Bloody Prepositions
Prepositions. That bloody little part of speech creeps in to control a noun or pronoun, devising relationships among phrases. Before strutting the last hour of October upon the stage, I will pluck back the shrouds of scary movies to reveal how the use of prepositions can determine whether writing is formal or informal. One rips out prepositions by their very sinews while the other jams them in like a deadly stake plunged into a vampire’s heart. Turn on all the lights, smile, and read on—if you dare.
On the Slab in the Lab: Formal vs. Informal Writing
Formal writing is Brad and Janet before they enter the castle: clean, exact, professional. Naively or intentionally, formal writing survives on standard English, complex sentences, adherence to grammar rules, and precise punctuation. Business communications, academic papers, and Dr. Scott’s science research all live and die by formal writing.
Enter the castle of informal writing, sometimes garishly punk like Dr. Frank-N-Furter’s teddy or familiar like a witch’s cat or warlock’s toad in casual and personal tone. It struts about in stilettos of slang and contractions, dipping into colloquial and dialectical, if not diabolical, language.
Warning: To remain formal in writing is to use prepositions correctly, not simply as toys to torture the monster on the gurney. Nope!
Necessary “At”
As if political statements are not frightening enough, a U.S. Senator (whose identity will remain unrevealed) recently called for Americans to “look yourself in the mirror.” He heartlessly left the statement to fester and die from the lack of the preposition “at.” The proper exhortation is “look at yourself in the mirror.” And what mirror, sir? Surely not a black mirror or the Snow Queen’s mirror?!
Popular culture has transformed the frightened whisper in the dark “Where are you?” into “Where you at?” This proves that wearing a white hockey mask after Labor Day and/or ending a sentence with a preposition will not be the death of you (most of the time). However, tread carefully with this phrase! Use it judiciously, mostly when writing informal colloquial dialogue—at your own peril.
Sawed Off “Of”
A buzz saw through an arm chained to a radiator finds its equal in slashing the word “of” from between “couple” and a plural noun. Any about-to-be-next victim in the dark will scream about losing a “couple of friends” to the fiend in the forest or a “couple of fingers” to the witch in the cave or a “couple of toes” to the swamp monster under the muck. Only those muttering colloquial dialogue during the calm before the storm mutter “couple friends” or “couple fingers” or “couple toes.” No! Please! Don’t! Tear not the “of” away!

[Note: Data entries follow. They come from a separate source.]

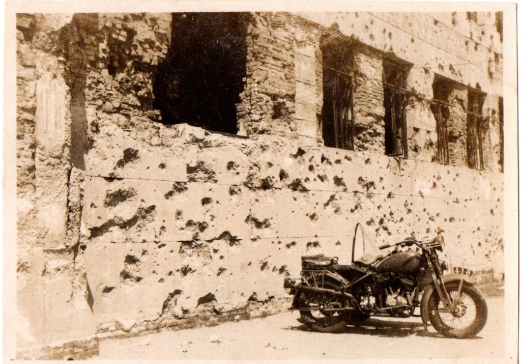 Photograph of a Japanese Navy Motorcycle at Battle Damaged Building 3″ X 4″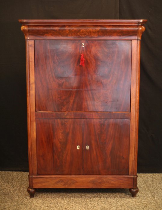 Mahonie secretaire met mahonie kersenhouten interieur.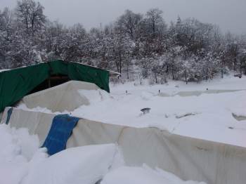 Bilecik’in Pazaryeri ilçesinde üç gündür aralıksız devam eden kar yağışı sonucu içinde küçükbaş hayvan beslenen çadırdan yapılmış bir ahırın çatısı çökerken, şans eseri hayvanlar zarar görmedi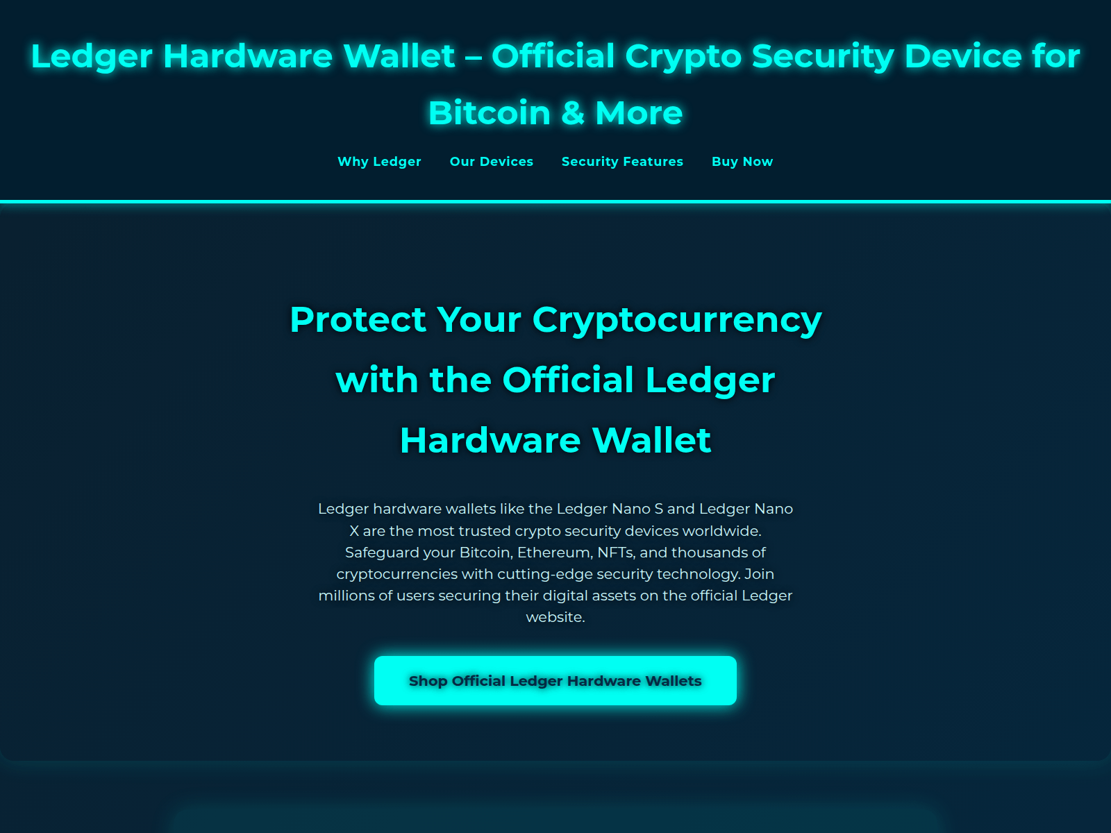 The site displays a page titled “Ledger Hardware Wallet – Official Crypto Security Device for Bitcoin & More”, which may be designed to impersonate Ledger.

Beware, trick-or-treater… Inspect every treat in that “bag of candy” slung over your shoulder during your moonlit walk home. Check the condition of your “pair of pants” as you take your doomed shortcut through the cemetery. Don’t eliminate “of.” The coven sees all.
“On” the Day… or the Night
We will formally celebrate Halloween on Friday this year. Therefore, the neighborhood ghouls will formally celebrate Doorbell Night/Mischief Night/Cabbage Night after dark on Thursday. Vicious demons may try to eradicate the “on” before a day of the week in an adverbial phrase, but the spirits of the season will grant the right to do so only to those speaking or writing informally.
And so, my friends, call the book and repeat the Sanderson Sisters’ incantation:
Eye of newt and wing of bat! / Where your prepositions at?